Academic advising at Concordia

How students feel towards their advisors, and the University’s response

At Concordia, the main way for students to communicate issues regarding their academics is through their advisors. From faculty to faculty, their roles and qualifications will defer, but they all generally have the same responsibilities: to help students through any academic hardships.

Mainly, one will reach out to an academic advisor when facing scheduling problems, registration problems, or even problems with a professor.

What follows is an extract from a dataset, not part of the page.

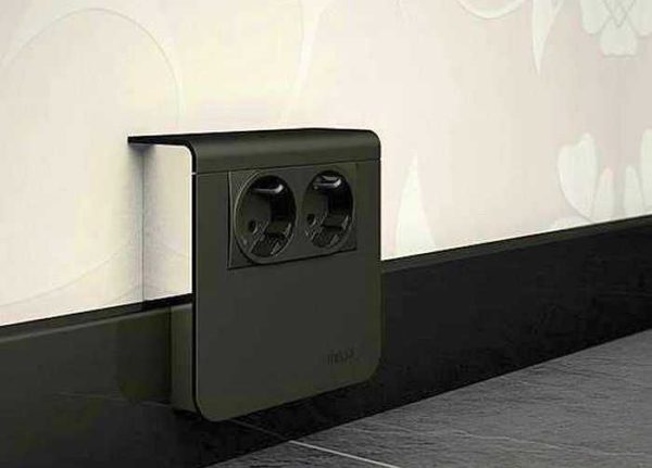 Также есть вариант с установкой розеток прямо на уровне плинтуса. Для пожилых людей этот вариант не лучший, а для молодежи низкие наклоны не проблема. Зато не так привлекает внимания.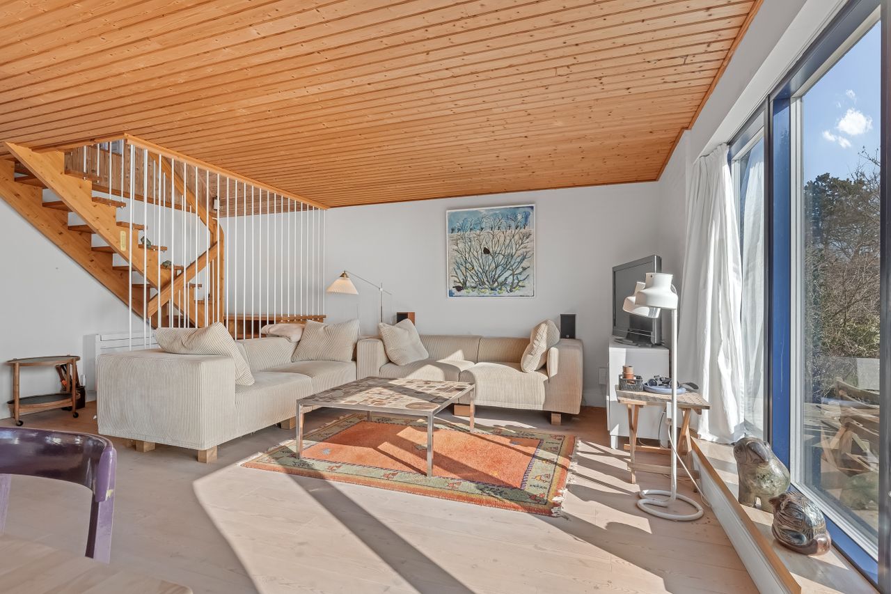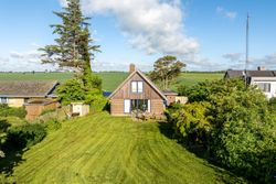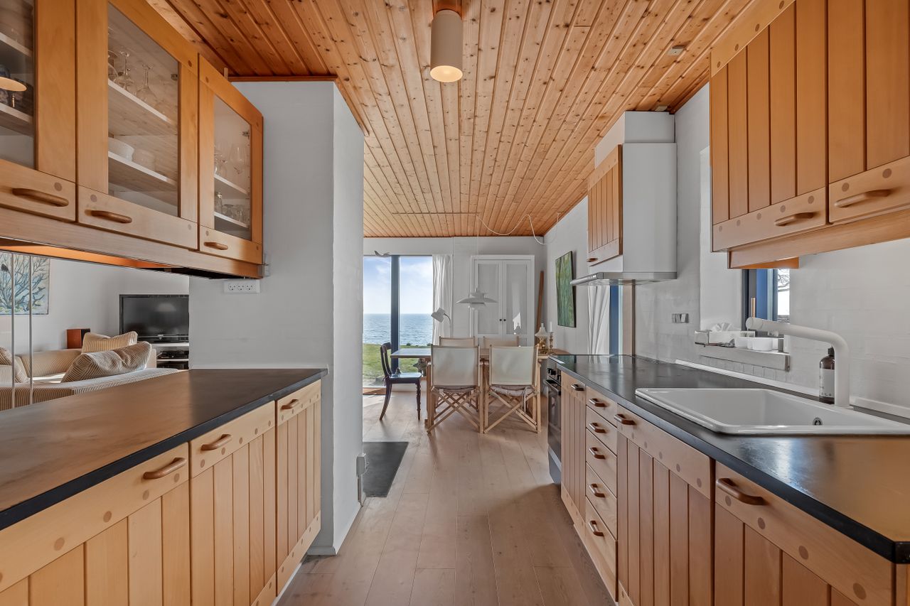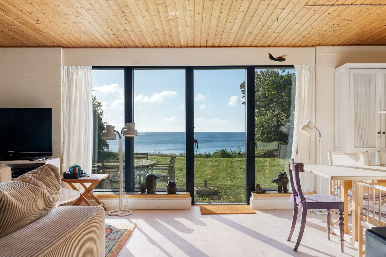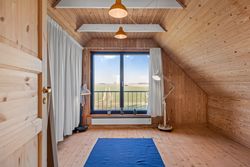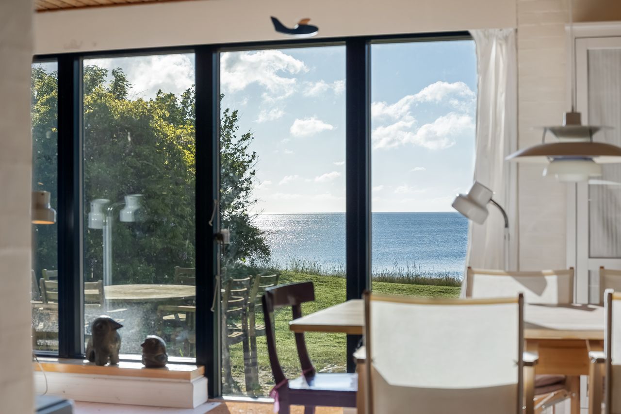 Sommerhuset stue/alrum imponerer med store vinduespartier der lader den spektakulære havudsigt strømme uhindret ind. Her er alt åbent og køkken, spiseplads og sofahygge kan nydes i samme rum. I stueplan er der desuden et rummeligt badeværelse, bryggers og et hyggeligt kontor, som let kan omdannes til endnu et værelse. På husets første sal findes to charmerende værelser, hvoraf det ene soveværelse tilbyder en enestående udsigt over havet og det andet over de ny såede marker. Og så er her også et toilet med vask, til dem der sætter pris på det.

Oftentimes, advisors are advertised as a helpful tool for students, and make communication between the administration and Concordia’s 45,000 students easier.

A statement from the university to The Concordian highlights that, “Advisors at the department level may be administrative staff, or faculty members who undertake academic advising responsibilities in addition to their teaching and research portfolios.”

However, there has been lots of criticism directed toward the advisors. In particular, on Facebook student pages, there have been many memes and posts talking about the lack of student support.

Per department, there are approximately half a dozen advisors per faculty. For example, the Arts and Science Faculty has over 19,000 students, and six advisors. This would mean that on average, each advisor is responsible for 3,000 students. These advisors would be a part of the Student Academic Services.

According to the Concordia website, the Arts and Science advisor’s role is to, “recruit, counsel and guide students from the time of their application to admission into a program in the Faculty of Arts and Science, until completion of the program.”

Lucy Neubacher is a second year student at Concordia University, studying Anthropology and Sociology under the Arts and Science Faculty (ASF) umbrella. She has reached out to academic advisors on two separate occasions, and both times was left with more questions than answers.

She says, “First year, I had reached out to my academic advisor a couple times, and every time I was just getting very broad answers, nothing really answered my questions.”

This year, when there was a communication issue with one of her professors, Nubacker hoped to speak with an academic advisor in hopes of resolving the situation.

“Because [my professor] is the head of the department, I didn’t have anyone else to complain to about him. So I thought reaching out to my academic advisor would be worth it.”

When she finally got in touch with her advisor, she only received a link to the Concordia website, which did not help her.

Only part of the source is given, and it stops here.